Write out the records below exactly as they appear, skipping each picture.

[Stored data]
• • • •

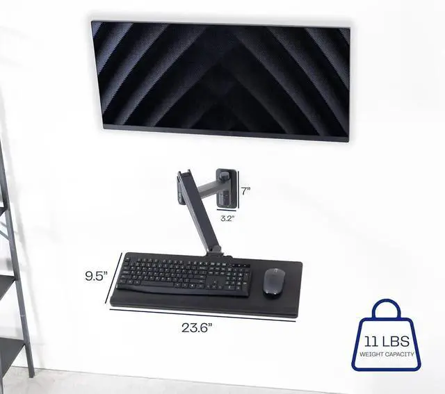 Tray Extension: The tray extends a total of 37.8 from the wall, creating an easily accessible platform for your keyboard and mouse. When not in use, it folds up against the wall for space-saving storage
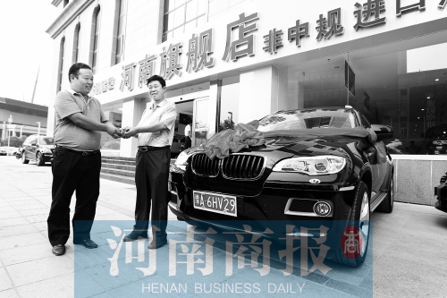 前日下午3點(diǎn),河南商報(bào)記者在鄭東新區(qū)“開(kāi)利星空”河南旗艦店找到一輛剛剛在車(chē)管所掛牌的寶馬X6。
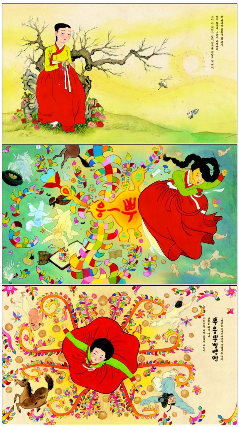 '옛이야기 그림책' 시리즈, 제6권 『방귀쟁이 며느리』. 우리나라 고유의 해학이 묻어나는 옛이야기를 구수한 사투리로 담아낸 그림책입니다. 특히 신윤복의 〈미인도〉 등 옛날 그림을 패러디함으로써 보는 재미도 건넵니다. 방귀 때문에 시집에서 친정으로 쫓겨나게 된 방귀쟁이 며느리를 만나보세요.
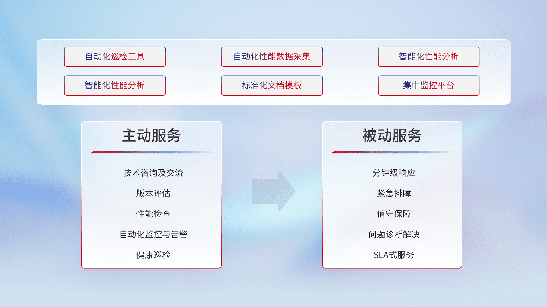 智能化工具和标准化文档,,,,保障服务质量,,,,提供主动服务(包含技术咨询、、、版本评估、、性能检查、、、、自动化监控与告警、、、、健康巡检)和被动服务包含(分钟级响应、、、紧急排障、、、、值守保障、、问题诊断解决、、、、SLA服务)。。。。
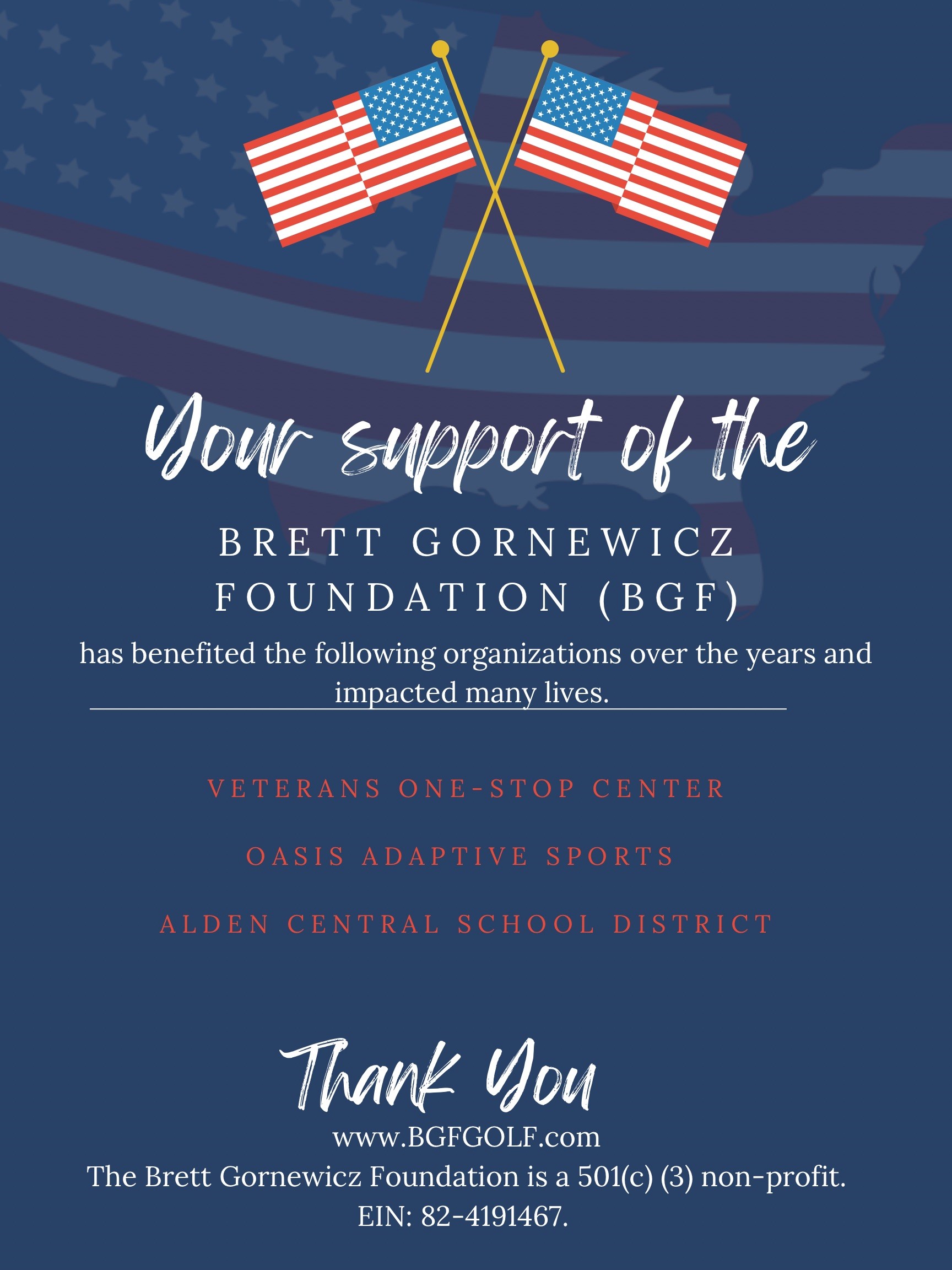The Brett Gornewicz Foundation (BGF) hosts an annual memorial golf tournament that brings friends, family, and the community together to honor Brett and his sacrifice. The event is filled with competition, food, drinks, raffles and prizes. Proceeds from the tournament benefit WNY veteran associations and local scholarships.
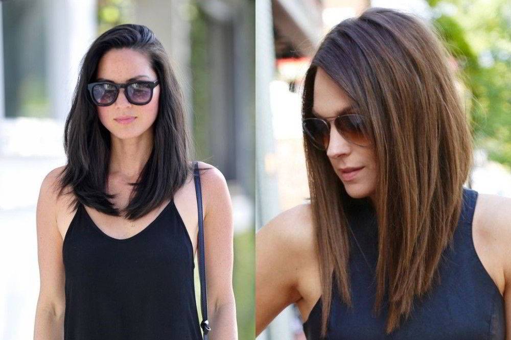 Длина может быть как средней (до плеч), так и гораздо ниже. Представительницы прекрасного пола, наделенные густой роскошной шевелюрой темного оттенка, могут позволить себе ровную прямую челку, подчеркнув тем самым богатство, данное природой.
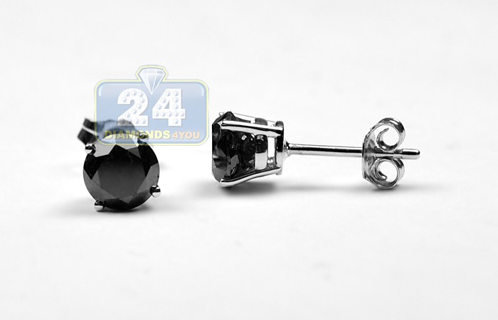 We are pleased to present this lovely pair of women's classic diamond stud earrings! It features two solitaire natural black round cut diamonds that are perfectly matching with each other, a shiny polished four-prong setting expertly handmade of 925 sterling silver, and heavy-duty push backs as a secure closure. Simple and elegant piece of jewelry that will be a great addition to your formal or casual outfit!
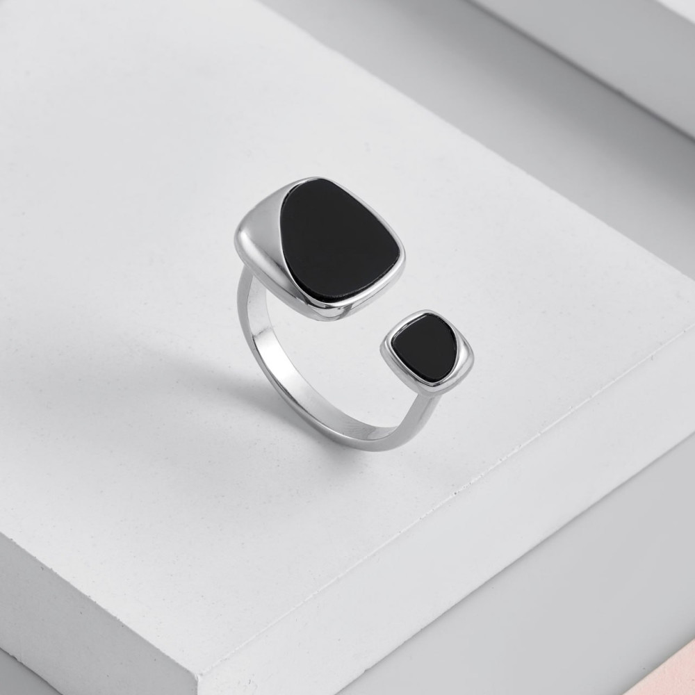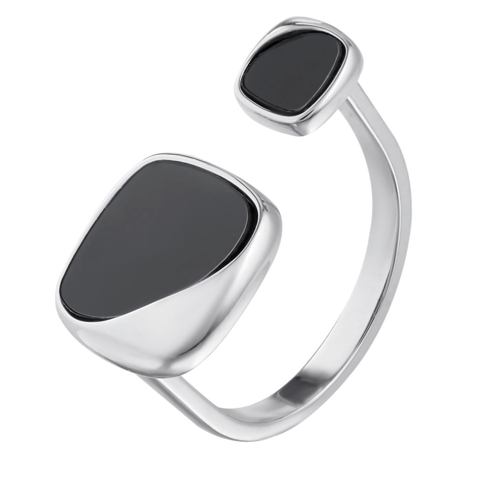 Стильное безразмерное кольцо с черной эмалью и родиевым покрытием. Разомкнутая основа позволяет легко регулировать размер под любой палец в обе стороны. Гальваническое покрытие родием обеспечивает благородный блеск и защиту от потемнения, а черная эмаль придает модели глубину и изысканность.

• • • •

▶ [Solution to the problem]
 Tray Extension: The tray extends a total of 37.8 from the wall, creating an easily accessible platform for your keyboard and mouse. When not in use, it folds up against the wall for space-saving storage
 前日下午3點(diǎn),河南商報(bào)記者在鄭東新區(qū)“開(kāi)利星空”河南旗艦店找到一輛剛剛在車(chē)管所掛牌的寶馬X6。
 '옛이야기 그림책' 시리즈, 제6권 『방귀쟁이 며느리』. 우리나라 고유의 해학이 묻어나는 옛이야기를 구수한 사투리로 담아낸 그림책입니다. 특히 신윤복의 〈미인도〉 등 옛날 그림을 패러디함으로써 보는 재미도 건넵니다. 방귀 때문에 시집에서 친정으로 쫓겨나게 된 방귀쟁이 며느리를 만나보세요.
 智能化工具和标准化文档,,,,保障服务质量,,,,提供主动服务(包含技术咨询、、、版本评估、、性能检查、、、、自动化监控与告警、、、、健康巡检)和被动服务包含(分钟级响应、、、紧急排障、、、、值守保障、、问题诊断解决、、、、SLA服务)。。。。
The Brett Gornewicz Foundation (BGF) hosts an annual memorial golf tournament that brings friends, family, and the community together to honor Brett and his sacrifice. The event is filled with competition, food, drinks, raffles and prizes. Proceeds from the tournament benefit WNY veteran associations and local scholarships.
 Длина может быть как средней (до плеч), так и гораздо ниже. Представительницы прекрасного пола, наделенные густой роскошной шевелюрой темного оттенка, могут позволить себе ровную прямую челку, подчеркнув тем самым богатство, данное природой.
 We are pleased to present this lovely pair of women's classic diamond stud earrings! It features two solitaire natural black round cut diamonds that are perfectly matching with each other, a shiny polished four-prong setting expertly handmade of 925 sterling silver, and heavy-duty push backs as a secure closure. Simple and elegant piece of jewelry that will be a great addition to your formal or casual outfit!
 Стильное безразмерное кольцо с черной эмалью и родиевым покрытием. Разомкнутая основа позволяет легко регулировать размер под любой палец в обе стороны. Гальваническое покрытие родием обеспечивает благородный блеск и защиту от потемнения, а черная эмаль придает модели глубину и изысканность.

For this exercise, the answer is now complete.